You don’t have to be Canadian to appreciate a steaming, hot bowl of comfort food like poutine amid the smoldering cauldron of a Miami summer.
But it helps to think like one.
Put yourself in this frame of mind: Torrential rains pound the 25 feet of driveway between your car and the front door. You rush through the downpour into a cold, air-conditioned house with soggy Chuck Taylors, shirt sticking to your back and hair matted to your forehead.
Waiting on the counter in a warm kitchen is a bowl of French fries right out of fryer, covered in chunks of salty cheese and smothered in rich, homemade gravy.
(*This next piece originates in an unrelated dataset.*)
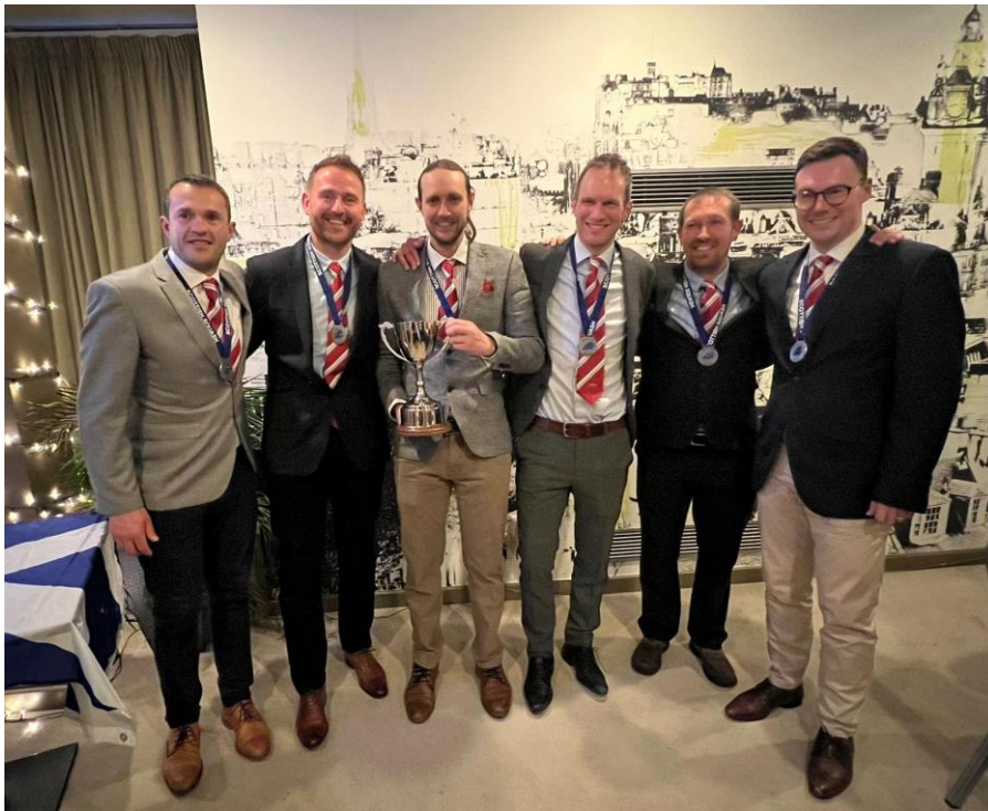
Photos 5 – Men's O40s Home International Champions 2024 – England (and proof that the Captain did make it out of the bathroom eventually!).

Replace the rain with snow. And then you’ll understand why Melanie Schoendorfer, Canadian born, makes this ode to comfort food on Sundays at Babe’s Meat & Counter, the Palmetto Bay butcher store and sandwich shop she runs with her husband, Jason.
“My last meal, if I had to pick, would be a heaping bowl of hot, fresh poutine,” she said. “It’s the ultimate hot, sloppy comfort food.”
Melanie would know a good poutine.
She grew up on her Italian immigrant grandparents’ sheep and goat farm in Timmins, Ontario (famously the home of Shania Twain). There, she learned to make all manner of smoked meats and sausages, using every part of the animal. And that’s why people drive across the county to stock up on meat at Babe’s.
Babe’s poutine is three simple ingredients with layers of flavor.
- Potatoes: The French fries must be thick cut, about a quarter inch, with the skin on, fresh from the knife to the fryer.
- Curds: No cheese sauce, here. Poutine requires lumps of cheese curds, a firm, fresh-made cheese that sort-of squeaks when you bite into it, where it gets its nickname as “squeaky cheese.” The curds have to be firm enough to stand up to the hot gravy. Babe gets its curds from Wisconsin after talks of a U.S. tariff on Canadian cheese has bumped up prices.
- Gravy: Babe’s buys an entire heritage-breed hog weekly. They use the meat to make things like house-cured sausages (fennel with cranberries is a favorite), bacon (coffee rubbed or smoked with herbs de Provence) and a seasoned, roasted pork they use in sandwiches like an Italian pork roll au jus and a killer Cuban sandwich. The stock from those roasts, heightened with Italian seasonings of Melanie’s youth, is what they use to make the house gravy.
Scoop the hot fries into a bowl. Top with cheese curds firm enough to stand up to heat. (They shouldn’t melt on contact.) And top with a gravy hours in the making.
Don’t even try to eat it with your hands.
“You need a fork,” Melanie said. “Some people slurp the gravy at the bottom. It’s really hard to share a poutine — unless you know that person very well.”
Loyalists are lining up for it, even as Babe’s market is still making a name for itself after opening in May. The Schoendorfers were well known at farmers markets, and at Joanna’s Market, where Melanie worked for 10 years, making her sausage for Babe’s after hours in the kitchen. She was getting so good that her husband of 14 years joked she was becoming “Babe Froman, the sausage queen of Miami,” a riff on a joke in the movie “Ferris Bueller’s Day Off.”
“I wanted to eat it and I couldn’t find it anywhere else,” she said. “We do this because this is stuff we want to eat.”
People are noticing. In a span of half an hour on a recent Sunday, regulars (including ESPN senior investigative journalist and Pulitzer Prize winner Don Van Natta) and three separate groups of first timers crowded the 1,000 square-foot shop. Among them was Dean Ziff, son of the late Sunglass Hut founder Sanford Ziff, who drove 15 miles from Brickell with his son, after a round of tennis to buy steak for a cookout.
“You want to support a local shopkeeper whenever they’re good — and return and return,” Dean Ziff said.
Babe’s poutine grabbed Matthew and Dana March’s attention, after moving to Miami from Chicago, north enough that they were enamored with poutine. They ordered it out of nostalgia along with a pair of sandwiches.
“We were excited to see poutine on the menu in Miami. Thought maybe it would be too heavy on a hot, humid day, but it wasn’t. The gravy was light and the fries and curds were perfect,” Matthew March said. “It was a great addition to our amazing sandwiches.”
Poutine is not flashy. It’s not made for Instagram and it doesn’t photograph well. It’s mostly a yellow dish covered in brown sauce. But brown food — Italian Sunday gravy, Cuban picadillo, Indian masala curry — gets a bad rap.
Brown is the color of hours of flavors stewing together to create layers of taste. Brown is the color of love. And that love is why Melanie Schoendorfer makes it.
“I’ll say it: Our poutine is as good as anything you can get in Canada,” she said, “if not better.”